To do | Instruction for the entries below: return the part that opens with the line containing "Die Heizungsanlage (Kessel" and closes with the line containing "自动计算: 软件能够自动计算", exactly, and no pictures.

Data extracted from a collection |
+ + + +

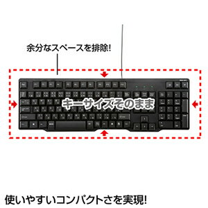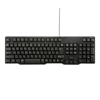 (防水・防滴仕様ではありません)<仕様>■カラー:ブラック■サイズ:W443×D141×H27mm■ケーブル長:約1.4m■重量:約520g■インターフェース:USB■コネクタ:USB Aコネクタ■キースイッチ:メンブレン■キー/キー表示:109+3/日本語(かな付)■キーストローク:2.4±0.1mm■動作力:65±5g■消費電流:100mA以下■付属品:取扱説明書 ■対応OS:Windows10・8.1・8・ 7・Vista・XP■対応機種:各社DOS/Vパソコン※ただし、USBポートを持ち、パソコン本体メーカーがUSBポートの動作を保証している機種。
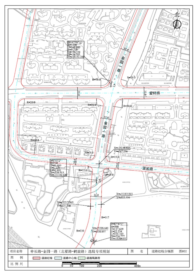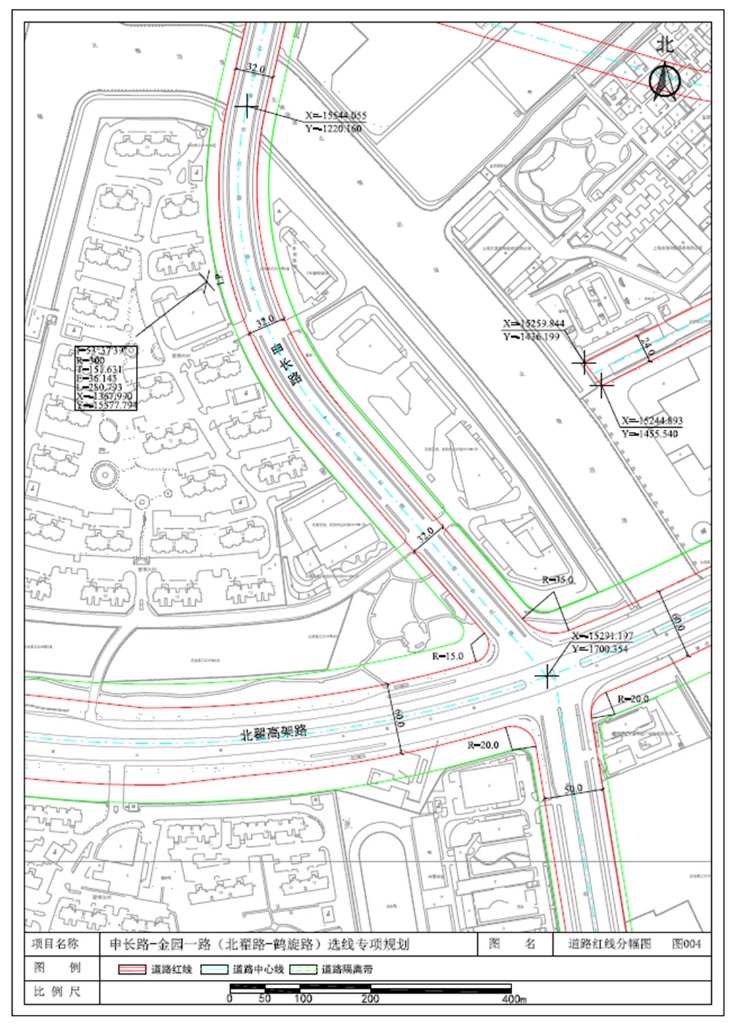 申长北路-金园一路(北翟路-鹤旋路)规划红线宽32米,绿化隔离带宽度10米。(见图4)
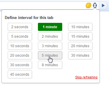 这个页面刷新扩展最好的一点是不需要设置——使用简单,安装它并让你的空闲页面自动重新加载。只需选择您想要的时间 Page-refresh 就会发挥它的魔力。
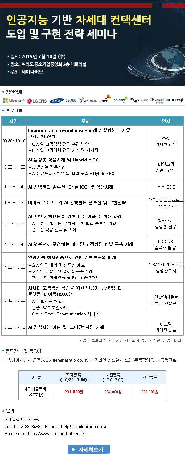 - 행사명: 인공지능 기반 차세대 컨택센터 도입 및 구현 전략 세미나
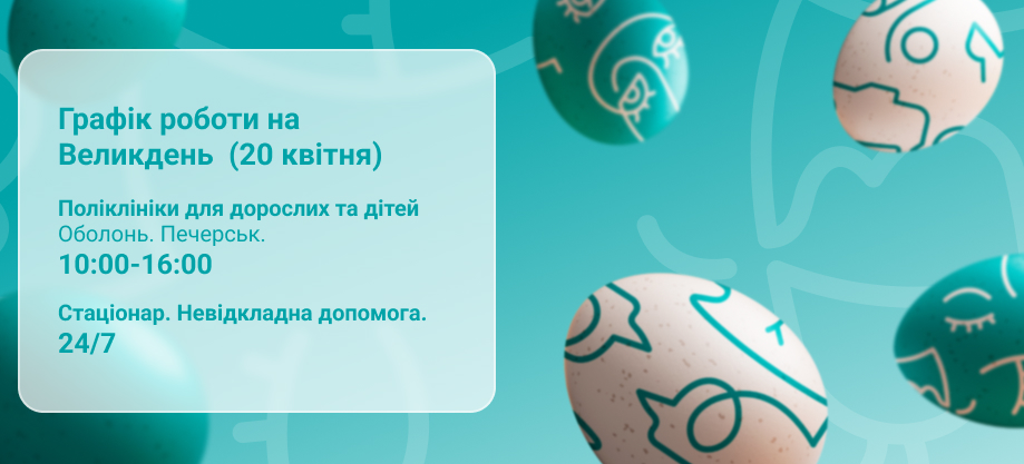 Клініка МЕДІКОМ продовжує працювати щодня, аби ви завжди могли отримати необхідну медичну допомогу. Інформуємо вас про зміни в графіку роботи клінік у Великодню неділю, 20 квітня.
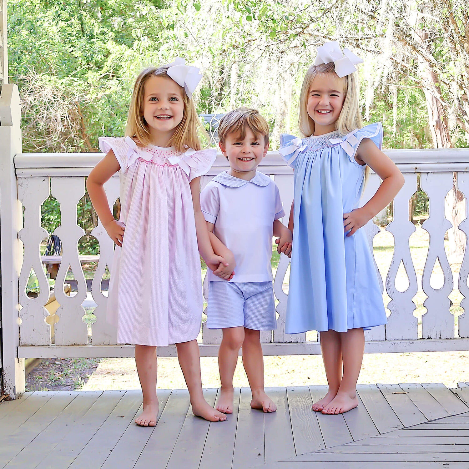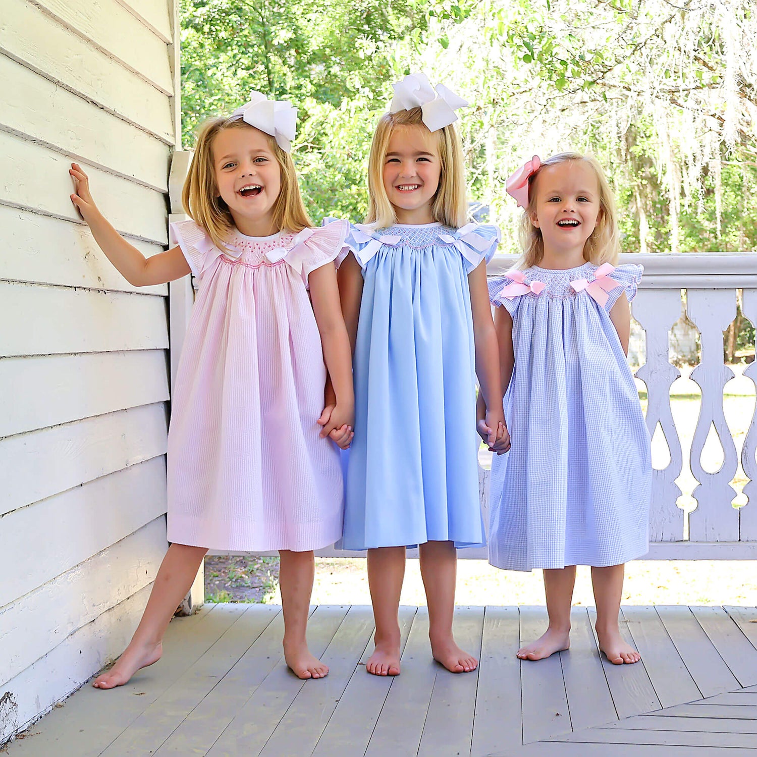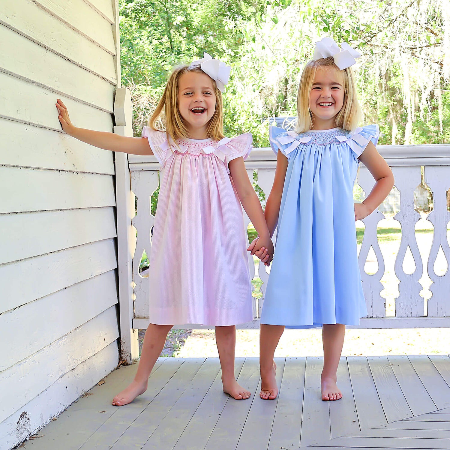 This Pretty In Pink Smocked Bow Dress is the sweetest spring outfit. Designed from light pink seersucker fabric, this dress features delicate geometric hand-smocking and is adorned with white satin bows. It features angel-style sleeves with white tape trim, adding to its charm.
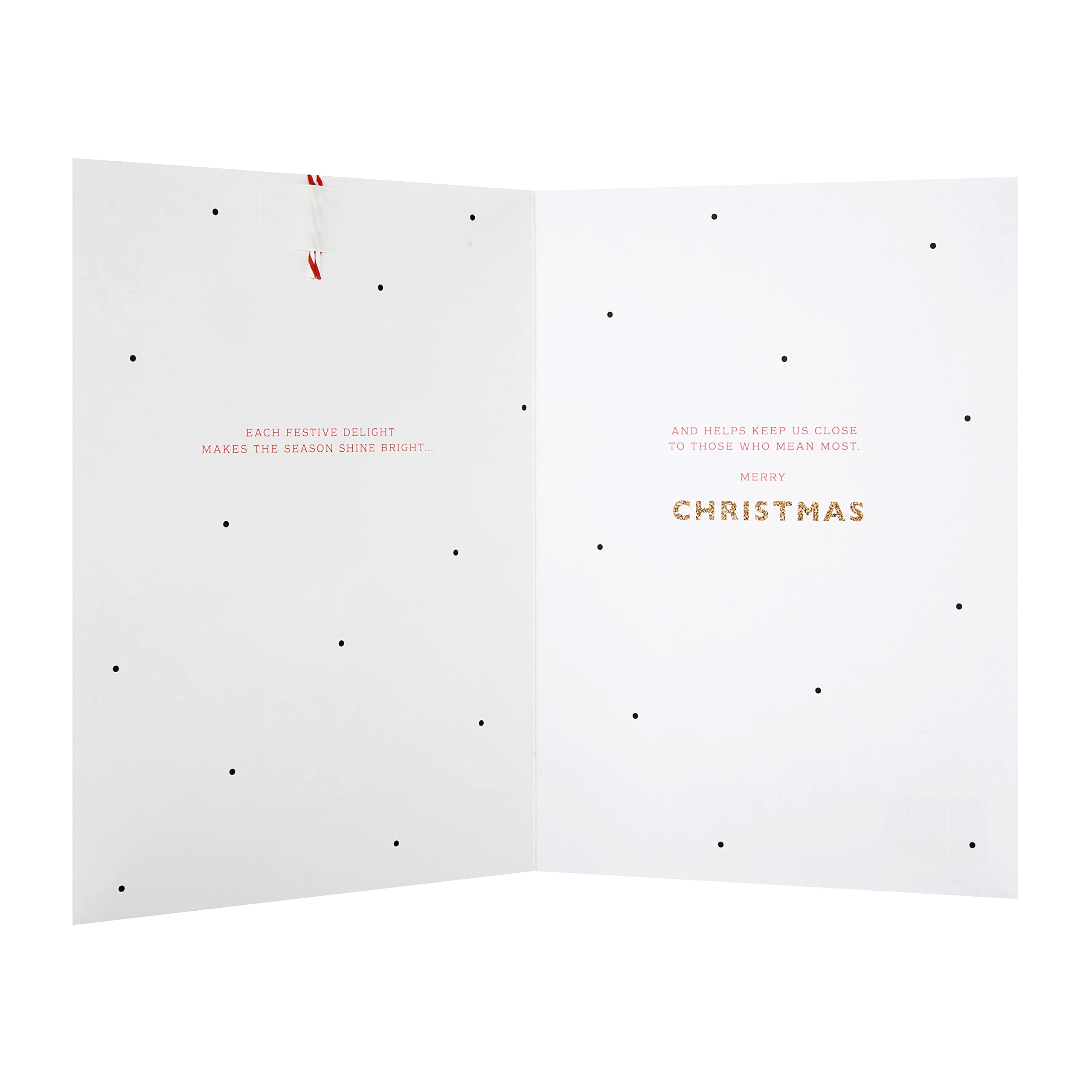 Fabriqué à partir de matériaux issus de forêts bien gérées, certifiées FSC et d'autres sources contrôlées ; détails en feuille d'or ; attache cœur effet 3D ; pompon marron doré Livré avec une enveloppe assortie à motif flocon de neige, marque Hallmark Dimensions : 20,2 x 13,8 cm, dans les limites de taille standard britannique Description du produit Noël est le moment idéal pour célébrer les personnes spéciales dans notre vie, alors faites savoir à quelqu'un combien ils comptent vraiment avec cette carte frappante de Hallmark. Avec un design frappant, en relief, avec un lettrage et des détails en feuille d'or, un lettrage et des détails pailletés dorés, et un message de Noël chaleureux et attentionné... Souhaitez à une sœur spéciale le moment de Noël qu'elle mérite avec cette jolie carte de Hallmark. Fabriqué à partir de matériaux issus de forêts bien gérées, certifiées FSC et d'autres sources contrôlées, éléments en relief, lettrage et détails de design en feuille d'or ; étiquette décorative à effet 3D ; accessoires... Gilmore Girls Hallmark Carte De Félicitations De Mariage Spécial Couple – Motif En En Ligne Bonjour Salutation Ou Mot De Bienvenue Pour Accueillir Quelqu'un Ou
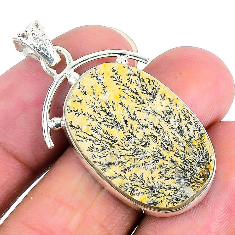 Psilomelaine Dendritic Stone Bezel Engagement Pendant Jewelry Sterling Silver
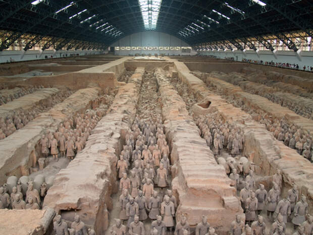 Ответ был найден после того, как близ города Линтонг крестьяне, копая колодец, случайно наткнулись на фигуры воинов и лошадей. Эта находка позволила археологам обнаружить около 8 000 тысяч глиняных терракотовых изваяний в полный рост, захороненных рядом с гробницей китайского императора Цинь Шихуанди, умершего в 210 году до н.э. Эта армия и должна была сопровождать императора в Царстве Теней. Все фигуры — пехотинцы, лучники, стрелки, кавалеристы, лошади, колесницы — были выстроены в строгом боевом порядке. В руках у воинов настоящее оружие — копья, луки, стрелы. Уздечки у коней выполнены из бронзы.
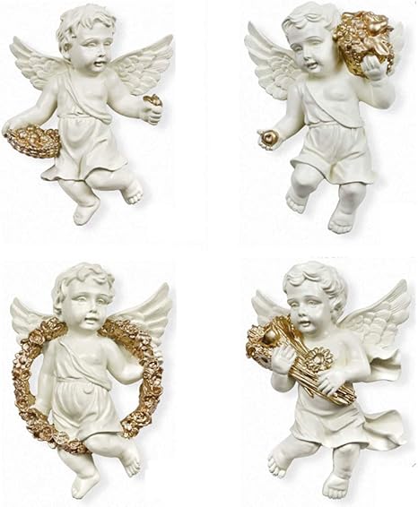Amazon Com Cheng Wall Sculptures Angel 4 Piece Set Wall Decoration Home Decoration Small Angel Living Room Wall Decoration Pendant Creative Resin Wall Hanging Decorations Design Statues Decor Walls Ornament Home Kitchen
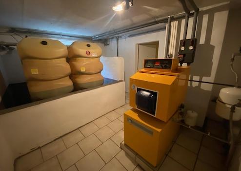 Die Heizungsanlage (Kessel nebst Öltank) wurde 1994 installiert. Der Tank fasst 3.000 Liter Heizöl. Ein weiterer Geräteraum im Untergeschoss ist nur über eine Außentreppe erreichbar und bietet weiteren Stauraum.
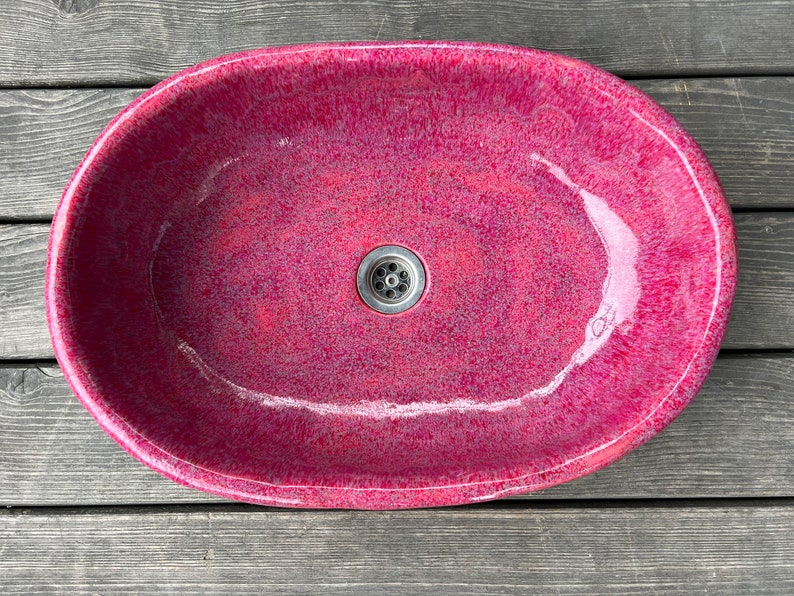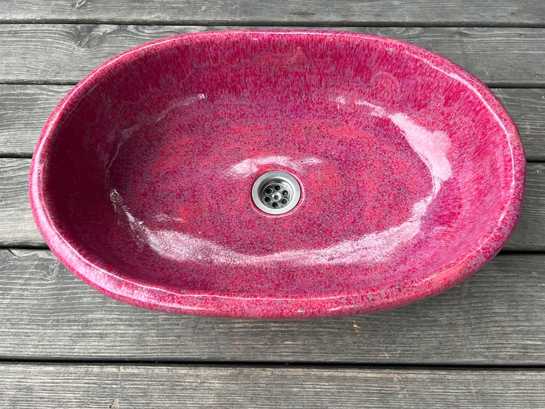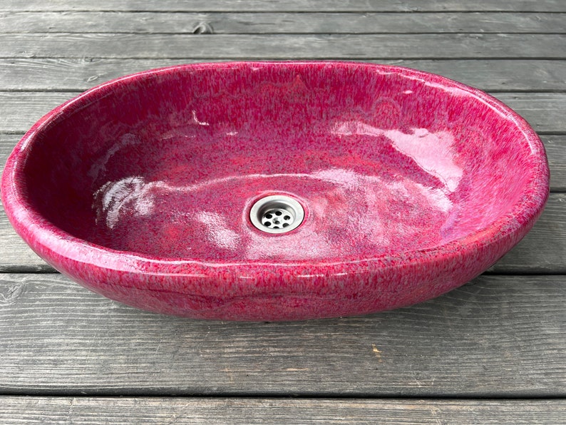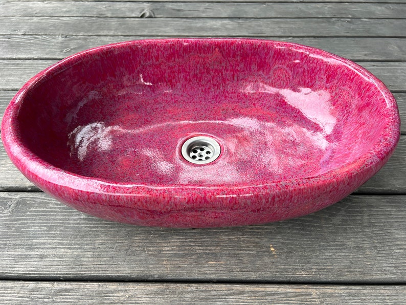 Oval, large ceramic washbasin. Rapsbery pink. Countertop, ceramic, hand-made, functional and durable. Multiple glazed and fired, making it tight and durable.
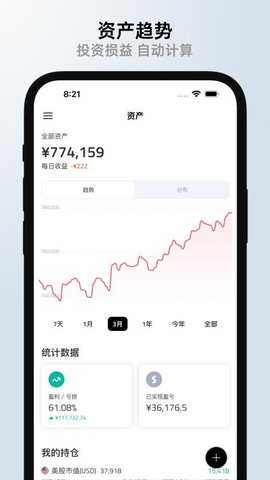 自动计算: 软件能够自动计算用户的投资盈亏情况,帮助用户及时掌握剩余资产与收益。
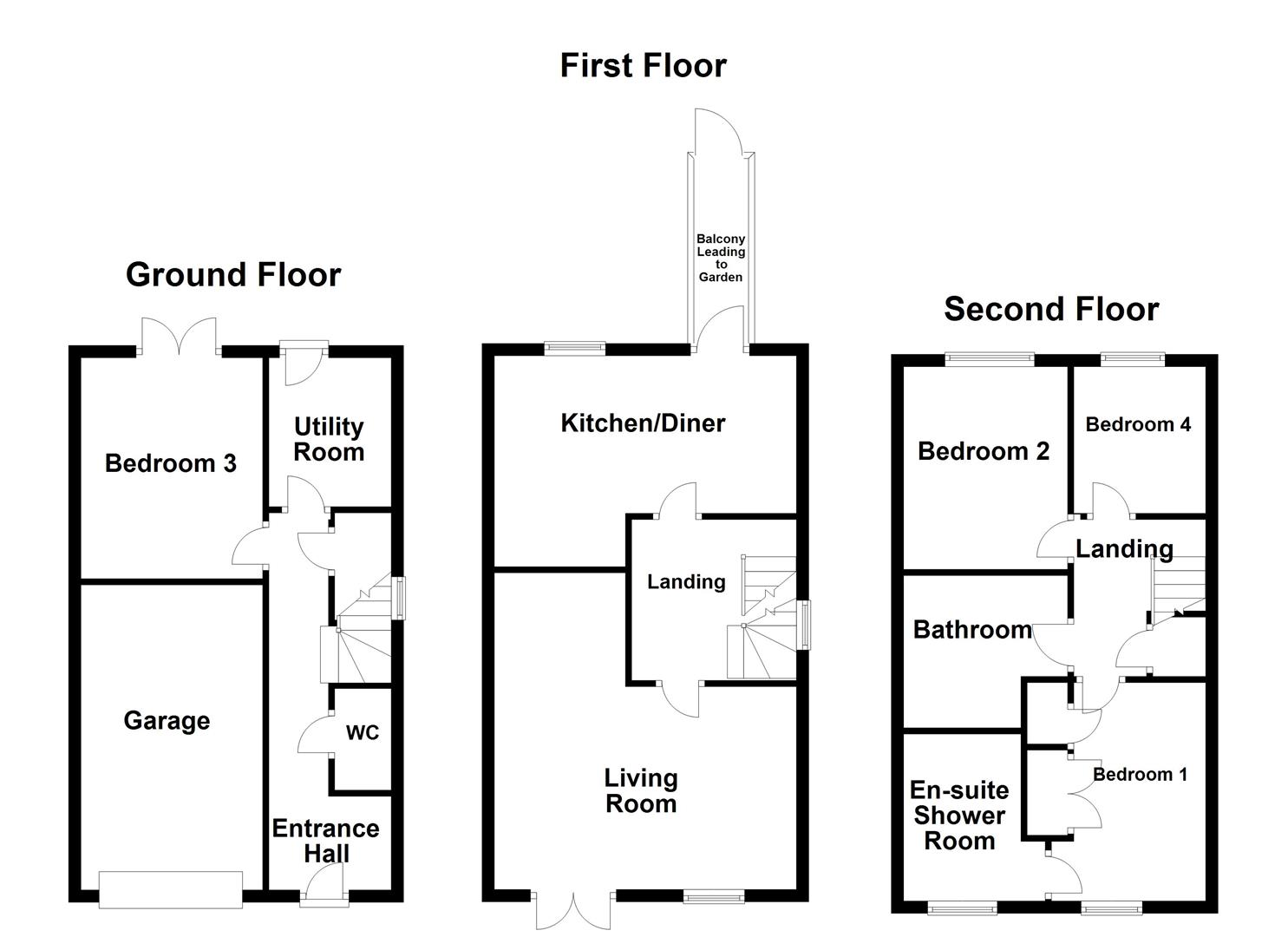 The property briefly comprises of an entrance hall with access to the first floor landing via the stairs, downstairs W.C., utility room and bedroom four. Upstairs, to the first floor is the kitchen diner with access to the rear garden and living room with Juliette balcony. To the second floor landing there is access to three further bedrooms and the house bathroom. Bedroom one benefitting from an en suite shower room. To the front, a slate garden with shrubbery and a block paved driveway offers off road parking for one vehicle, leading to a single integral garage and paved steps to the front door. The tiered rear garden is low maintenance and fully enclosed, featuring a pebbled lower tier, decked steps, and an upper tier with artificial lawn, a decked patio, and access via a balcony from the kitchen diner, ideal for outdoor dining and entertaining.

+ + + +

Answer below |
 Die Heizungsanlage (Kessel nebst Öltank) wurde 1994 installiert. Der Tank fasst 3.000 Liter Heizöl. Ein weiterer Geräteraum im Untergeschoss ist nur über eine Außentreppe erreichbar und bietet weiteren Stauraum.
 Oval, large ceramic washbasin. Rapsbery pink. Countertop, ceramic, hand-made, functional and durable. Multiple glazed and fired, making it tight and durable.
 自动计算: 软件能够自动计算用户的投资盈亏情况,帮助用户及时掌握剩余资产与收益。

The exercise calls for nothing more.